Couple of months ago, I went from leading engineering teams to going hands-on and that required working a lot on AI coding agents — Claude Code, Copilot, Lovable, Replit — on real projects, daily. As someone who's built and scaled teams at tech giants, I thought I'd pick these up fast. I was wrong. The gap between using these tools and using them well is enormous. Four things changed my output quality dramatically: 𝟭. CLAUDE.md / AGENTS.md A markdown file at your project root describing your architecture, conventions, and constraints. Without it, the agent guesses. With it, it follows. The agent stopped inventing its own naming conventions overnight. Highest-ROI setup I've found. 𝟮. Task decomposition Early on I'd describe an entire feature and get something that looked done in 10 minutes. Fascinating — untill code base grew and bugs increased exponentially in generated code. Breaking features into small, testable chunks improved agent effectiveness significantly. 𝟯. Model selection I burned two days on iteration cycles before realizing I was using a fast model for a task that needed deep reasoning. The fix: reasoning models for architecture, fast models for implementation. Auto-routing isn't there yet. 𝟰. Prompt quality The most underestimated lever. 5 minutes structuring a prompt saves 30–45 minutes of back-and-forth. Every single time. The tooling is here. The craft of using it well is still emerging. #SoftwareEngineering #CodingAgents #EngineeringLeadership #DeveloperProductivity
All four of these compound around the same root problem that agents don't carry state between sessions. CLAUDE.md helps, but it's static it describes the project, not what you've actually tried and why. We've been logging Claude Code sessions to SQLite for exactly this reason. The prompt quality point especially you write a great prompt, it works, and two weeks later you're reconstructing it from memory. Capturing that reasoning as it happens changes the iteration loop significantly.

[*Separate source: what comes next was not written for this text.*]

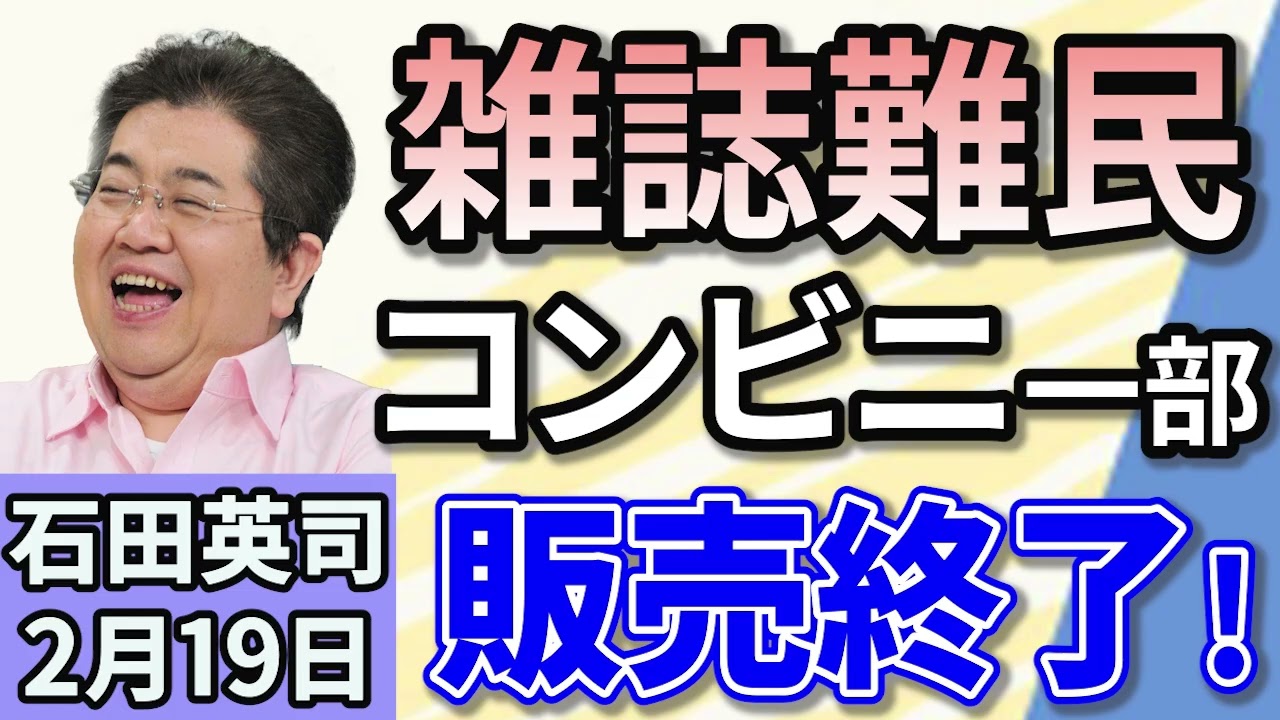 石田英司「ファミマとローソン計1万店で雑誌販売終了。どうなる?“雑誌難民“」「33都府県が下水道管を緊急点検。その結果は?」「まさにホラー!洞窟のクモを『ゾンビ』化して操る新種の菌類発見」2月19日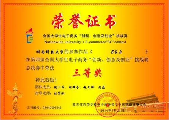 第四届全国老员工电子商务“创新、创意及创业”挑战赛总决赛于7月21日在华中师范大学举行,公司魏一萍、胡耀吾同学的作品《“E家乐”创业计划书》(指导老师刘学泳)荣获全国总决赛三等奖的好成绩。此前,该作品荣获永利3044集团官网校园赛一等奖、湖南省赛区一等奖。

How deep are you going on task decomposition — is this just breaking features into user stories, or are you actively constraining what the agent can change in each prompt (like "only modify this file, don't touch database schema")? Curious if you're finding the agent gets more reliable as you tighten the scope, or if it's more about you being able to validate each piece faster.
Wonderful post. Another important point to add is the need to develop skills for different types of work and apply them in parallel, functioning collaboratively as a team within Claude CLI. This multi-skill, parallel workflow model forms the foundational building block of Claude CoWork, which has been commercialized recently.
I think the whole exercise is improving our clarity of purpose and organization of work. Almost similar to challenges of teams
Good observations, Shariq Hashmi. Thank you for sharing! Token consumption would make it to your next set of observations. 😊
Useful post. Thank you for sharing
Good to read your insights. And, yeah! The last line is worth taking note of.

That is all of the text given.